### Requirement
Retype only the lines from the top of the records to the line with "Sandalia para niño", including that line but none of the pictures.

### Task material

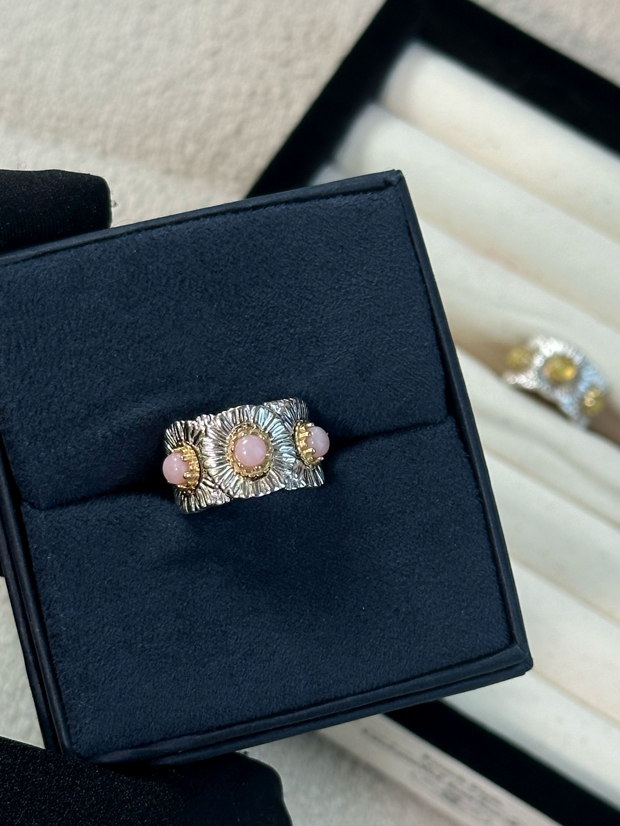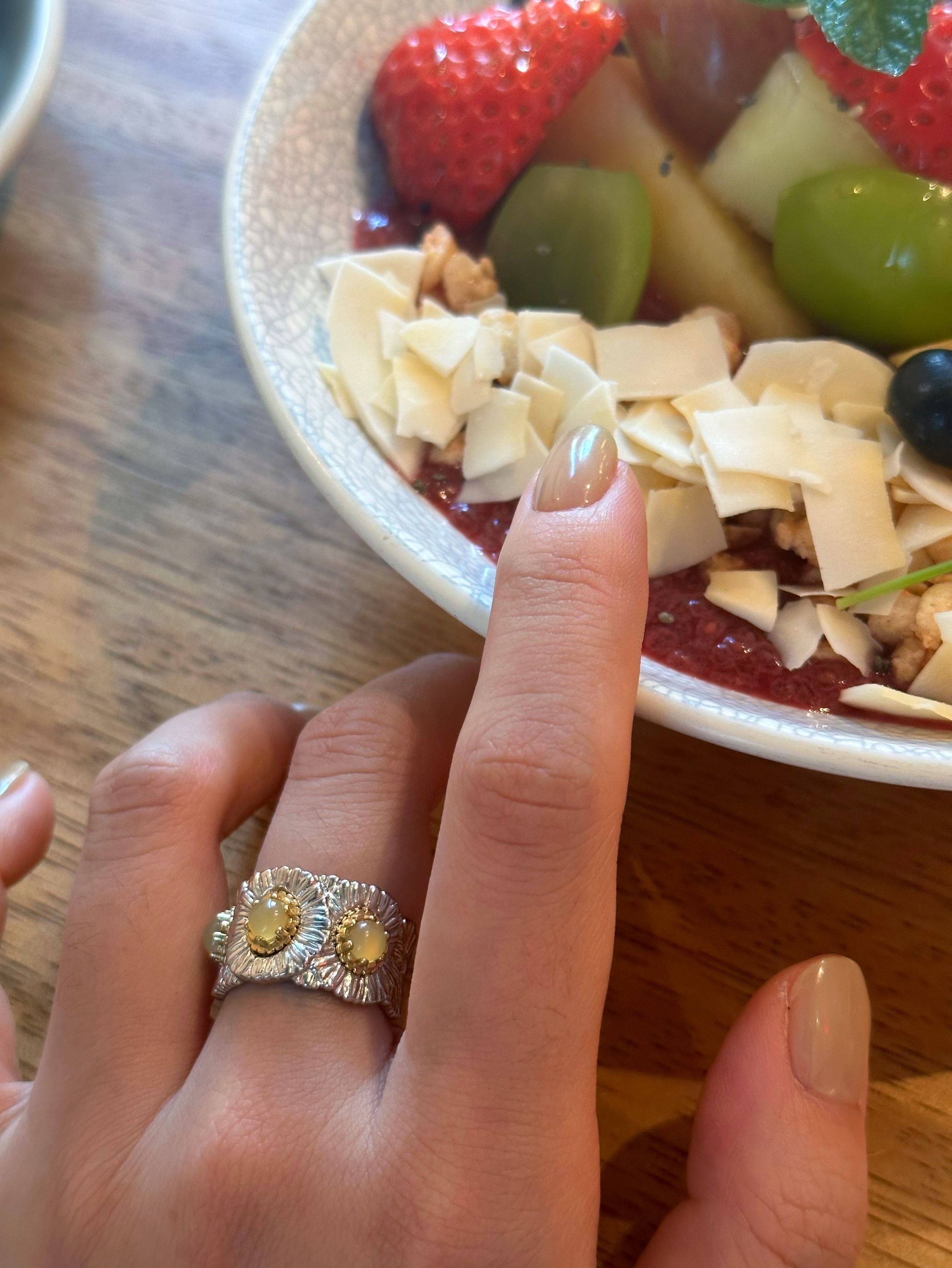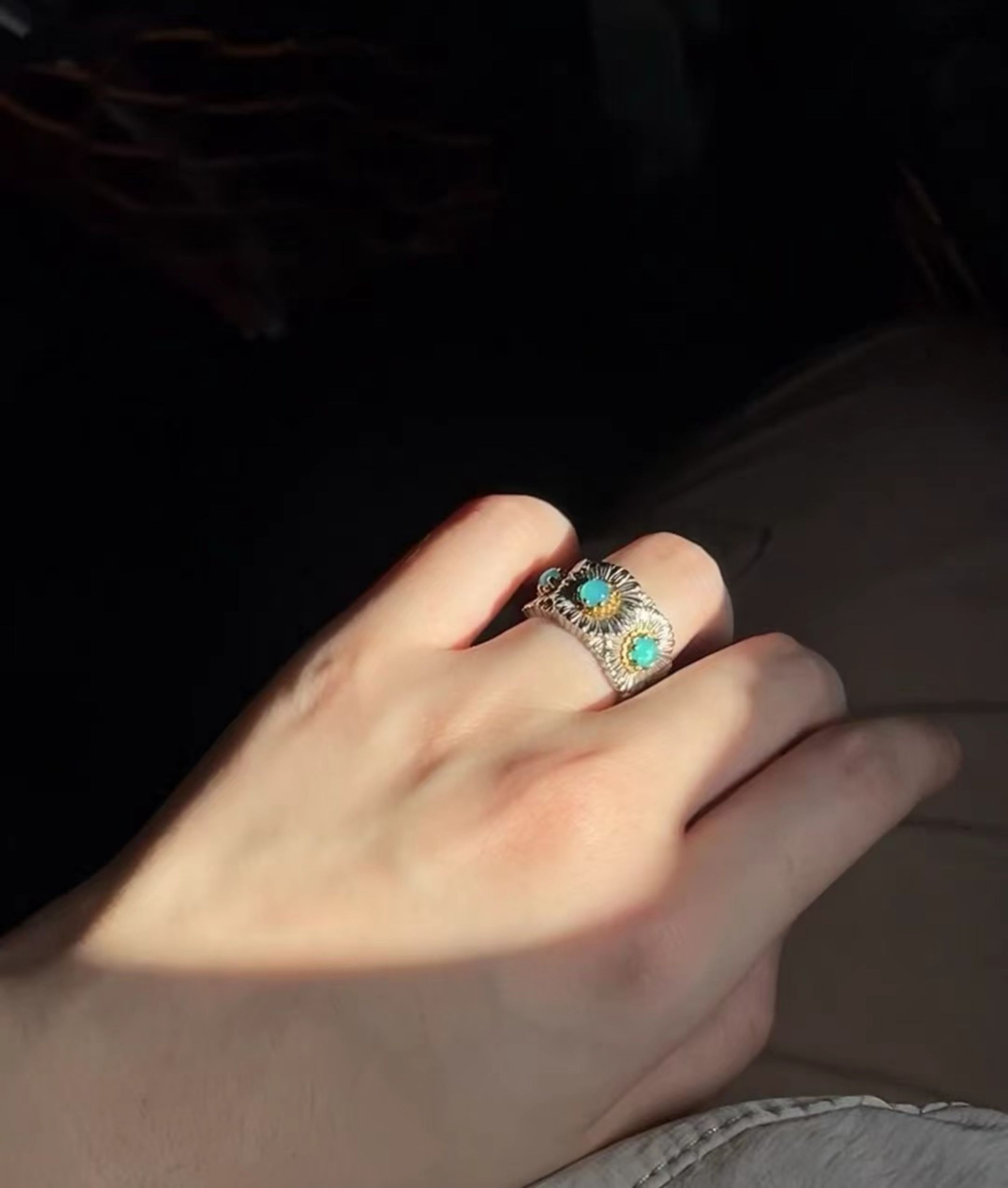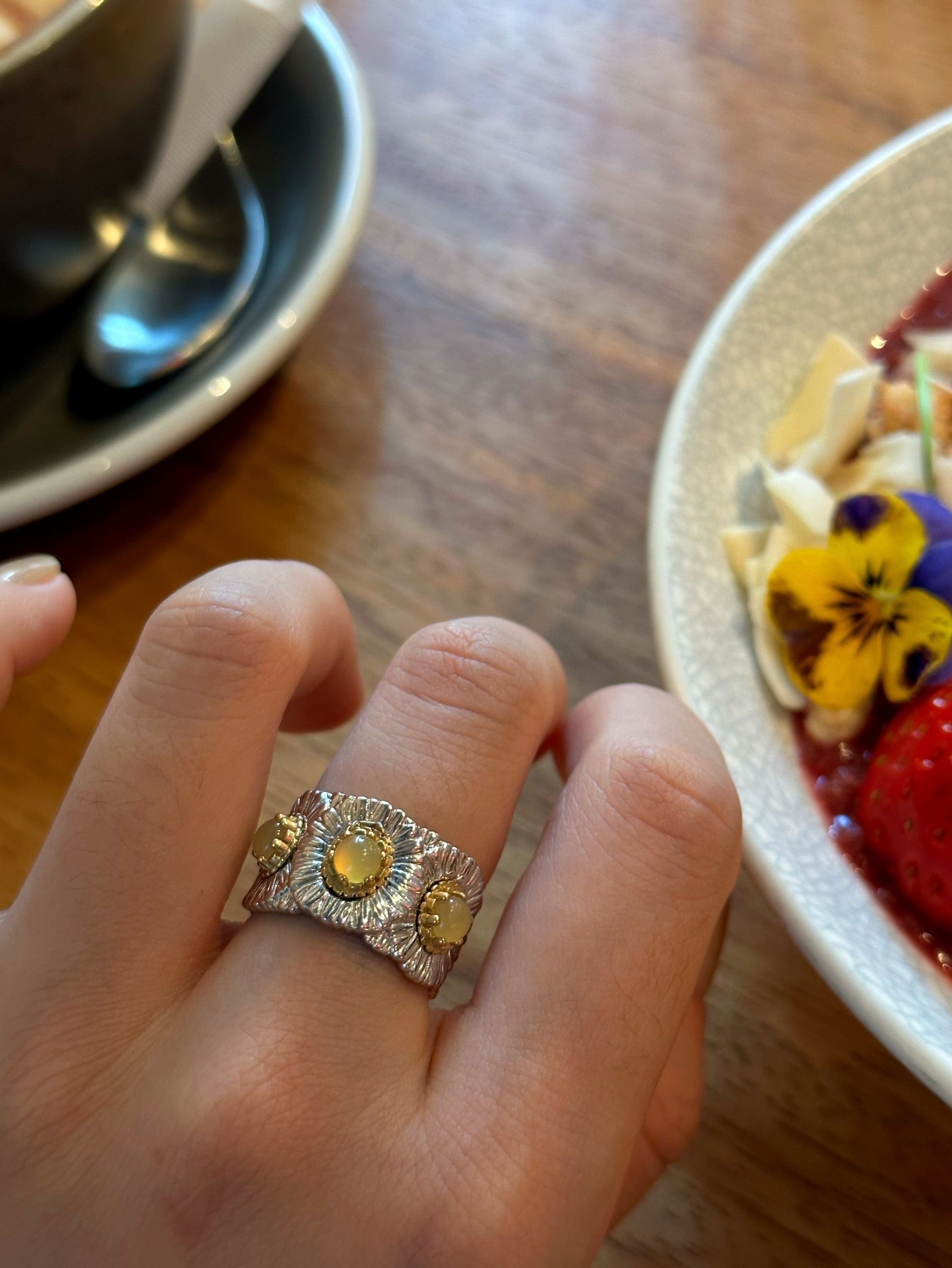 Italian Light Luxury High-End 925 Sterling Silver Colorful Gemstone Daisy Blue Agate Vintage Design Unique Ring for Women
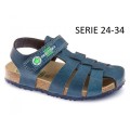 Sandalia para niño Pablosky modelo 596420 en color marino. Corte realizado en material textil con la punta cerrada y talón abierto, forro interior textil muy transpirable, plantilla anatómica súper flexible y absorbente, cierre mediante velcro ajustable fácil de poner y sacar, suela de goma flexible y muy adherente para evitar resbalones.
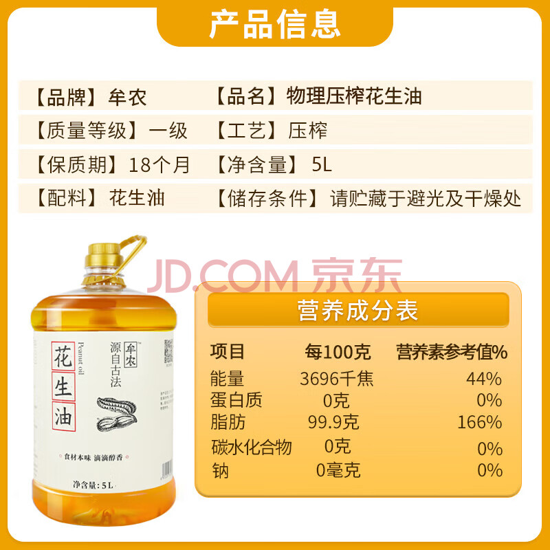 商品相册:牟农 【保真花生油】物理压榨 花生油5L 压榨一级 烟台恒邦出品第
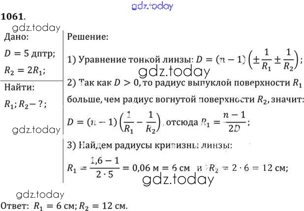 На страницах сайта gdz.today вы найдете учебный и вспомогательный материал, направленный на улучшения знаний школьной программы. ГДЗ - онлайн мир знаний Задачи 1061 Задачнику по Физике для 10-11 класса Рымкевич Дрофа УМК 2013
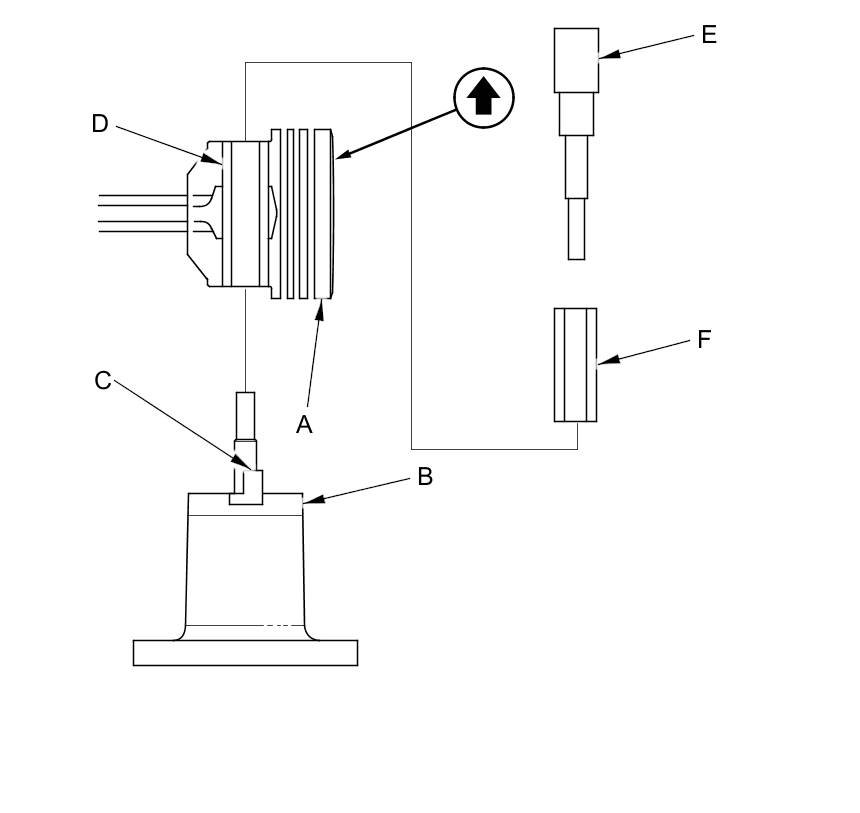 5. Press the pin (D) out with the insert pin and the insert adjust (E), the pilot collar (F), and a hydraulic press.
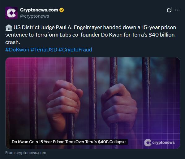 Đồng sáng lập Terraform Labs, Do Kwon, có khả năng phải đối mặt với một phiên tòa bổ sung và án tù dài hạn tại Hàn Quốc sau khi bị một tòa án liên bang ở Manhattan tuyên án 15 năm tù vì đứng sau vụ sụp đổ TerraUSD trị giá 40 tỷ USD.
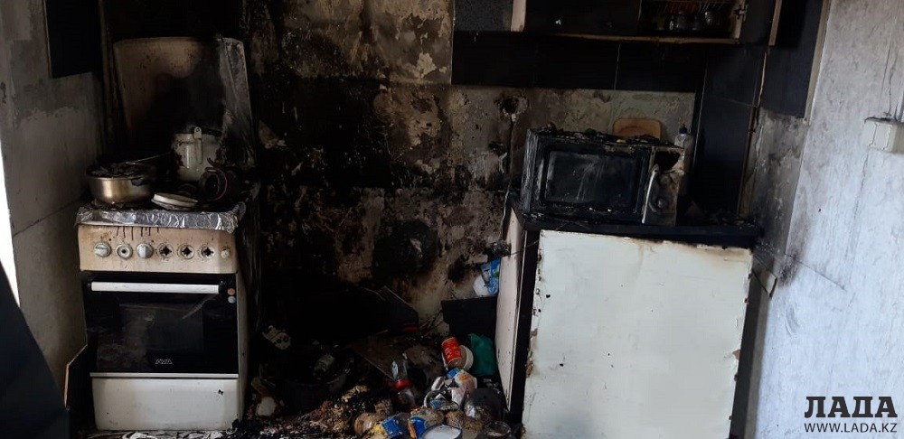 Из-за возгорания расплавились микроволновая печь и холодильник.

### Response
 Italian Light Luxury High-End 925 Sterling Silver Colorful Gemstone Daisy Blue Agate Vintage Design Unique Ring for Women
 Sandalia para niño Pablosky modelo 596420 en color marino. Corte realizado en material textil con la punta cerrada y talón abierto, forro interior textil muy transpirable, plantilla anatómica súper flexible y absorbente, cierre mediante velcro ajustable fácil de poner y sacar, suela de goma flexible y muy adherente para evitar resbalones.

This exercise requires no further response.